THE TASK |
With pictures omitted, restate the data word for word.

START RECORDED DATA

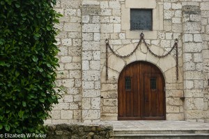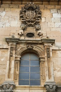 Heraldic carvings dominate the decoration of the convent buildings, but there is also a strong Mudejar element in the decoration. Mudejar refers to the work of Muslim artisans for Christian buildings. It is interesting to see how the forms and styles of Islamic art are translated to Christian uses. Islamic decoration could not use human figures, so stylized Arabic letters and geometric shapes predominate. What is interesting about finding them here is, as I mentioned earlier, that this part of Spain was never under Moorish rule. In fact, the Mudejar artisans were imported from southern Spain because of the popularity of this type of decoration.
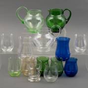 Diverse glazen waterkannen en waterglazen, waaronder gekleurde, en blank glazen vaasje, ontwerp Cornelis de Lorm, uitvoering Glasfabriek Leerdam, alle gemerkt, 16 × Ø 12 cm
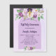 Arrière - plan violet, lavande aquarellé. Décoré de fleurs violettes et violettes aquarelles et d'une croix dorée. Personnalisez et ajoutez votre nom et vos coordonnées de réception.
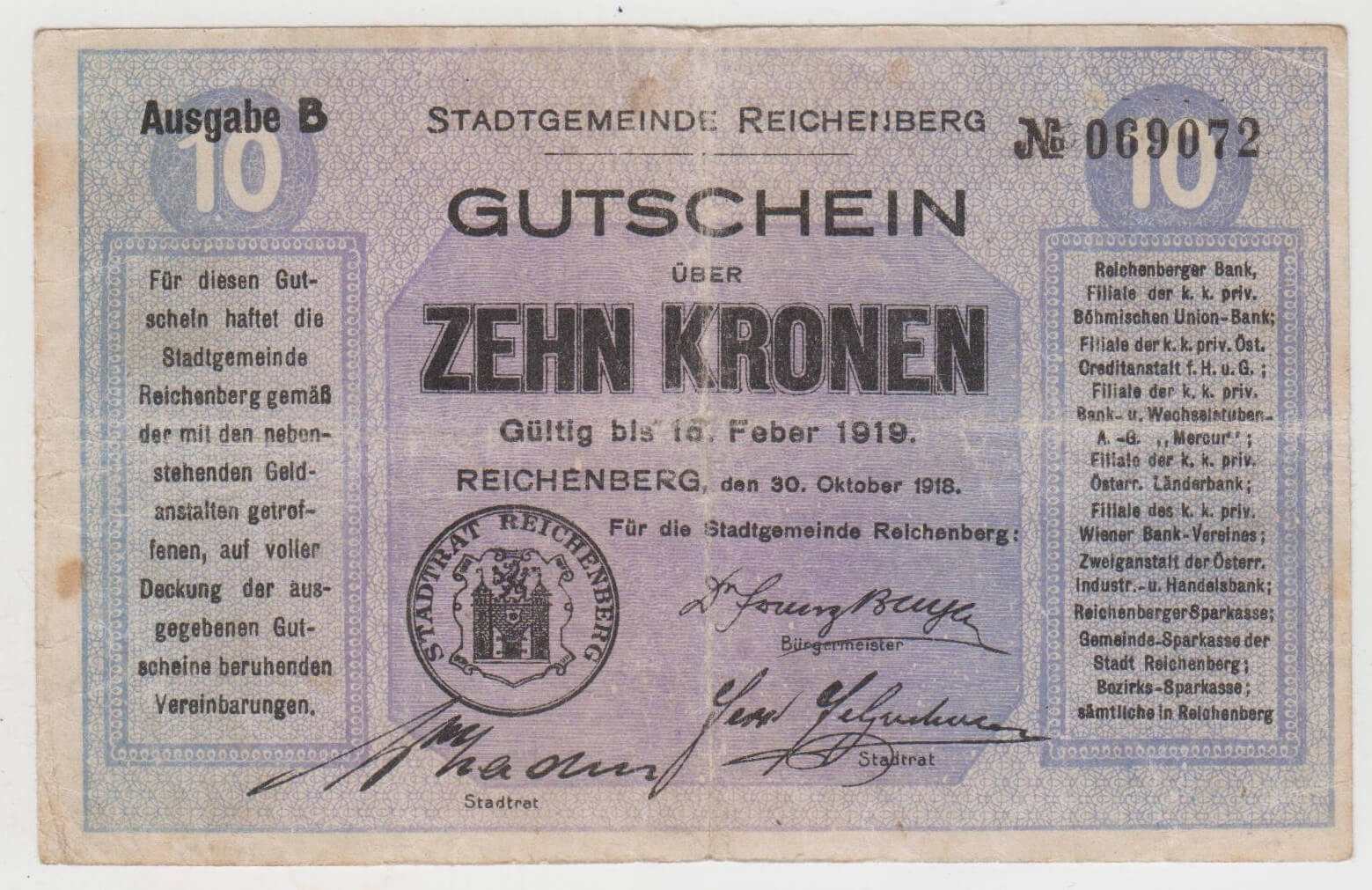 10 KRONEN 1919 NO069072 STAV VID FOTO
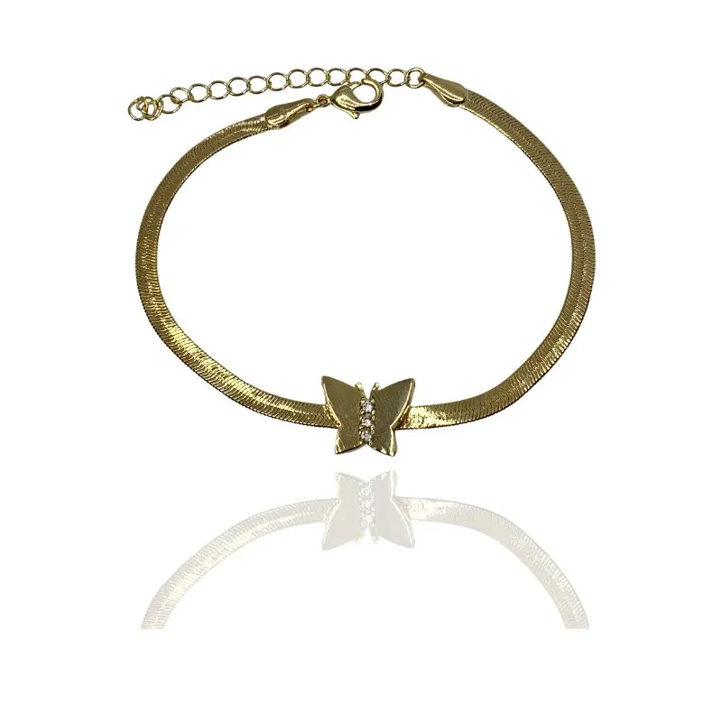 Pulseira filete com borboleta lisa e 3 zircônias cristais
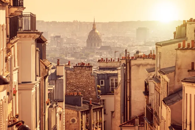 Fototapeta: Historyczny miasto przy zachodzie słońca
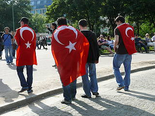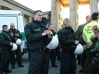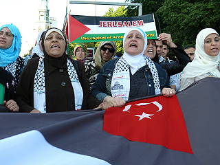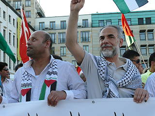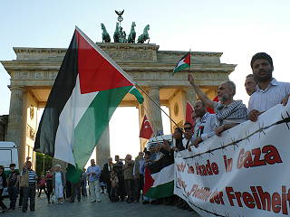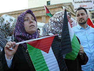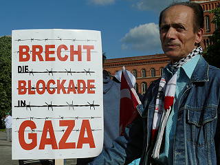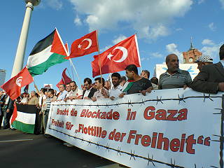 | Berlin, 4.6.2010 - Protest gegen den mörderischen Überfall israelischen Militärs auf die Schiffe des Gaza-Hilfskonvois und gegen die Gaza-Blockade (Fotos: Senne Glanschneider) |
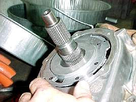 Time to Remove the output shaft. To do this, you need to pull the front output shaft straight out. When there is enough slack in the chain, it will come right off the rear output shaft. While you are this far into the transfer case, it is a good idea to inspect for any damage and repair it if there is any. |
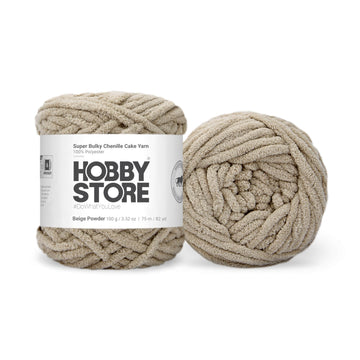 Make a statement with Hobby Store's Super Bulky Chenille Cake Yarn, celebrated as Plush Yarn, Velvet Yarn, or Velour Yarn. This ultra-thick yarn is perfect for oversized blankets, chunky knits, fuzzy amigurumi toys and bold designs. Its fluffy texture guarantees comfort and quick crafting. Designed for easy handling, its ultra-thick, smooth texture and bold velvety colors make it perfect for crafting lasting masterpieces and statement designs.
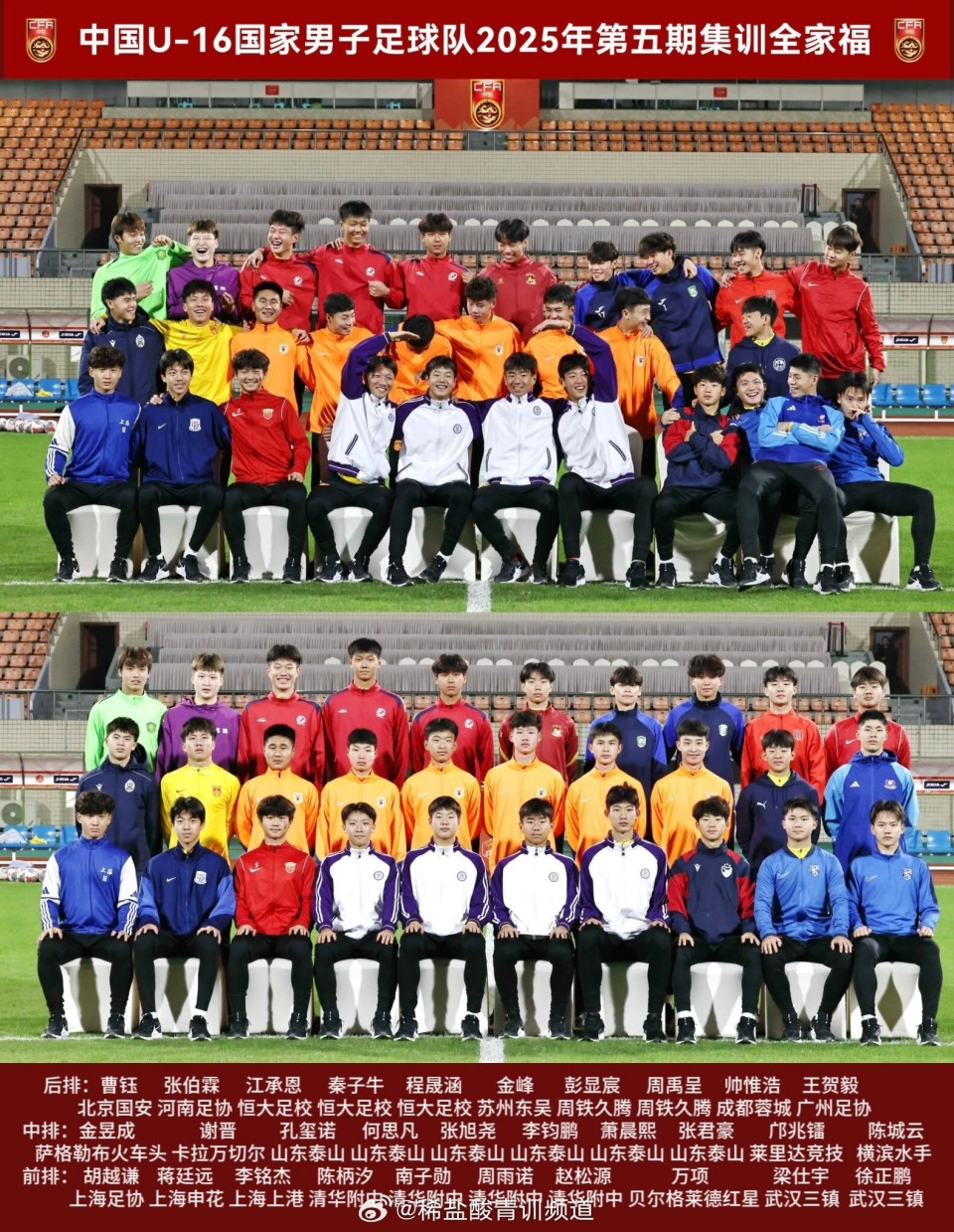 北京时间12月4日,据博主“稀盐酸青训频道”分享的照片显示,U16国少球员今年参加U17亚洲杯预选赛前集训时球员们身穿各自所属俱乐部训练服拍摄合照。
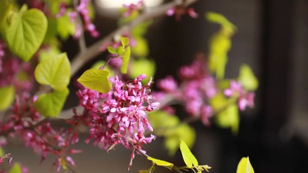 在春夏之交,紫荆花一条条绽放,花色艳而不妖,紫得恰到好处,紫荆花开得非常独特,是紧密排列的,一眼望去,枝条上满满的都是姹紫嫣红,就像一家人一样亲密相处,不离不弃。
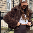 A womens faux fur jacket designed to bring warmth and elegance to seasonal dressing.
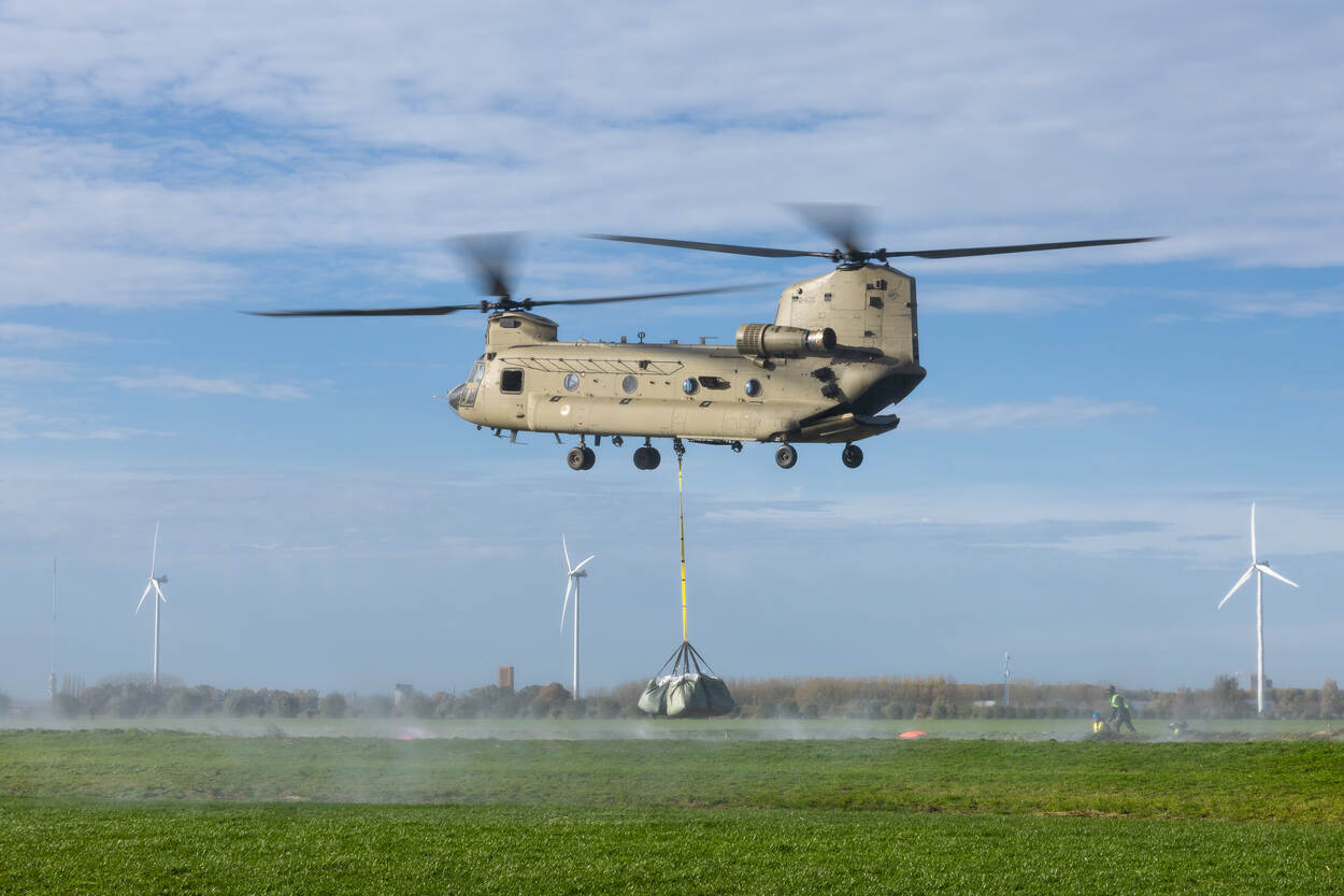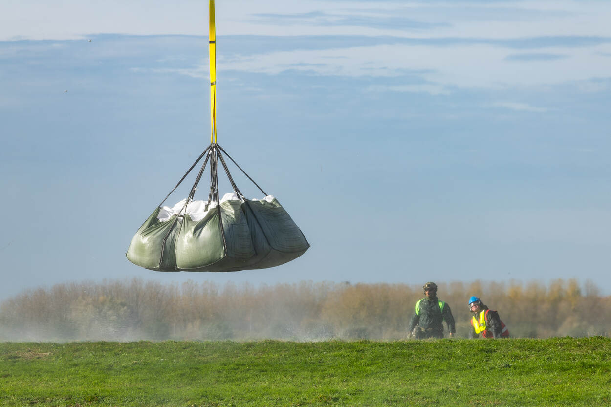 Aan de boorden van het Amsterdam-Rijnkanaal, ter hoogte van het Utrechtse Schalkwijk, cirkelt op de eerste woensdag van november plots een helikopter boven flink wat hectaren weiland. Het blijkt te gaan om een transporthelikopter van Defensie. Deze Chinook levert luchtsteun en pendelt twee dagen lang tussen het ‘pick-up point’ en de ‘drop-off locatie’ met zogenaamde ‘big bags’ en ‘block bags’. Dit vanwege een doorgebroken dijk. Die is bezweken door aanhoudend noodweer met veel neerslag. Snelle actie vereist dus.
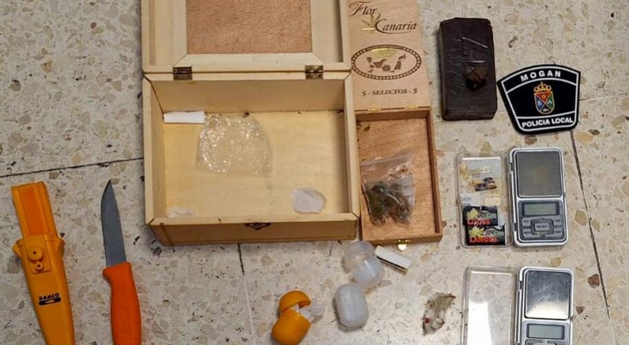 La Policía Local de Mogán ha detenido a un hombre por un delito contra la salud pública por portar hachís, marihuana y otros estupefacientes, así como elementos propios para su distribución. También se le atribuye un delito por amenazas con un cuchillo. La detención tuvo lugar…
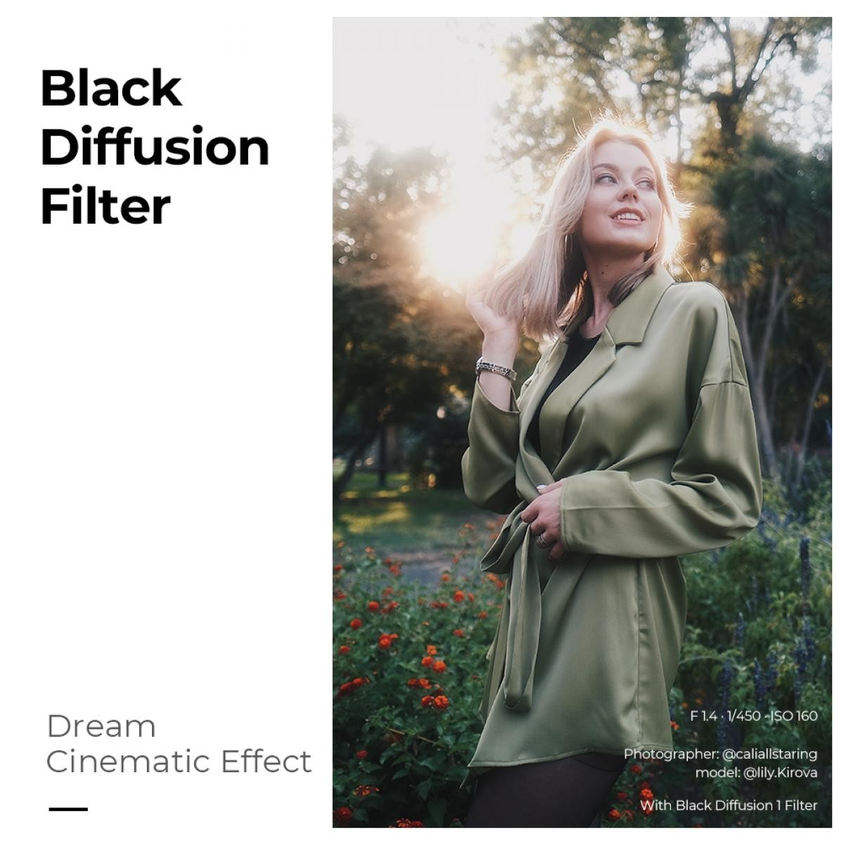 K&F Concept 100×100×2mm Black Mist 1/1 kvadratni filter je zasnovan za filmarje in fotografe, ki iščejo sanjski, atmosferični vizualni stil. Njegov močan difuzijski učinek zmehča gube, pege, pore in ostre podrobnosti, kožo naredi bolj privlačno, hkrati pa poudari svetlobne poudarke za kinematografski videz. Filter Black Mist 1/1 je idealen za portrete, vizualne pripovedi in ustvarjalne video scene, saj izboljša vzdušje, ne da bi pri tem žrtvoval ostrino slike.

END RECORDED DATA

EXPECTED ANSWER |
 Heraldic carvings dominate the decoration of the convent buildings, but there is also a strong Mudejar element in the decoration. Mudejar refers to the work of Muslim artisans for Christian buildings. It is interesting to see how the forms and styles of Islamic art are translated to Christian uses. Islamic decoration could not use human figures, so stylized Arabic letters and geometric shapes predominate. What is interesting about finding them here is, as I mentioned earlier, that this part of Spain was never under Moorish rule. In fact, the Mudejar artisans were imported from southern Spain because of the popularity of this type of decoration.
 Diverse glazen waterkannen en waterglazen, waaronder gekleurde, en blank glazen vaasje, ontwerp Cornelis de Lorm, uitvoering Glasfabriek Leerdam, alle gemerkt, 16 × Ø 12 cm
 Arrière - plan violet, lavande aquarellé. Décoré de fleurs violettes et violettes aquarelles et d'une croix dorée. Personnalisez et ajoutez votre nom et vos coordonnées de réception.
 10 KRONEN 1919 NO069072 STAV VID FOTO
 Pulseira filete com borboleta lisa e 3 zircônias cristais
 Fototapeta: Historyczny miasto przy zachodzie słońca
 | Berlin, 4.6.2010 - Protest gegen den mörderischen Überfall israelischen Militärs auf die Schiffe des Gaza-Hilfskonvois und gegen die Gaza-Blockade (Fotos: Senne Glanschneider) |
 Time to Remove the output shaft. To do this, you need to pull the front output shaft straight out. When there is enough slack in the chain, it will come right off the rear output shaft. While you are this far into the transfer case, it is a good idea to inspect for any damage and repair it if there is any. |
 Make a statement with Hobby Store's Super Bulky Chenille Cake Yarn, celebrated as Plush Yarn, Velvet Yarn, or Velour Yarn. This ultra-thick yarn is perfect for oversized blankets, chunky knits, fuzzy amigurumi toys and bold designs. Its fluffy texture guarantees comfort and quick crafting. Designed for easy handling, its ultra-thick, smooth texture and bold velvety colors make it perfect for crafting lasting masterpieces and statement designs.
 北京时间12月4日,据博主“稀盐酸青训频道”分享的照片显示,U16国少球员今年参加U17亚洲杯预选赛前集训时球员们身穿各自所属俱乐部训练服拍摄合照。
 在春夏之交,紫荆花一条条绽放,花色艳而不妖,紫得恰到好处,紫荆花开得非常独特,是紧密排列的,一眼望去,枝条上满满的都是姹紫嫣红,就像一家人一样亲密相处,不离不弃。
 A womens faux fur jacket designed to bring warmth and elegance to seasonal dressing.
 Aan de boorden van het Amsterdam-Rijnkanaal, ter hoogte van het Utrechtse Schalkwijk, cirkelt op de eerste woensdag van november plots een helikopter boven flink wat hectaren weiland. Het blijkt te gaan om een transporthelikopter van Defensie. Deze Chinook levert luchtsteun en pendelt twee dagen lang tussen het ‘pick-up point’ en de ‘drop-off locatie’ met zogenaamde ‘big bags’ en ‘block bags’. Dit vanwege een doorgebroken dijk. Die is bezweken door aanhoudend noodweer met veel neerslag. Snelle actie vereist dus.
 La Policía Local de Mogán ha detenido a un hombre por un delito contra la salud pública por portar hachís, marihuana y otros estupefacientes, así como elementos propios para su distribución. También se le atribuye un delito por amenazas con un cuchillo. La detención tuvo lugar…
 K&F Concept 100×100×2mm Black Mist 1/1 kvadratni filter je zasnovan za filmarje in fotografe, ki iščejo sanjski, atmosferični vizualni stil. Njegov močan difuzijski učinek zmehča gube, pege, pore in ostre podrobnosti, kožo naredi bolj privlačno, hkrati pa poudari svetlobne poudarke za kinematografski videz. Filter Black Mist 1/1 je idealen za portrete, vizualne pripovedi in ustvarjalne video scene, saj izboljša vzdušje, ne da bi pri tem žrtvoval ostrino slike.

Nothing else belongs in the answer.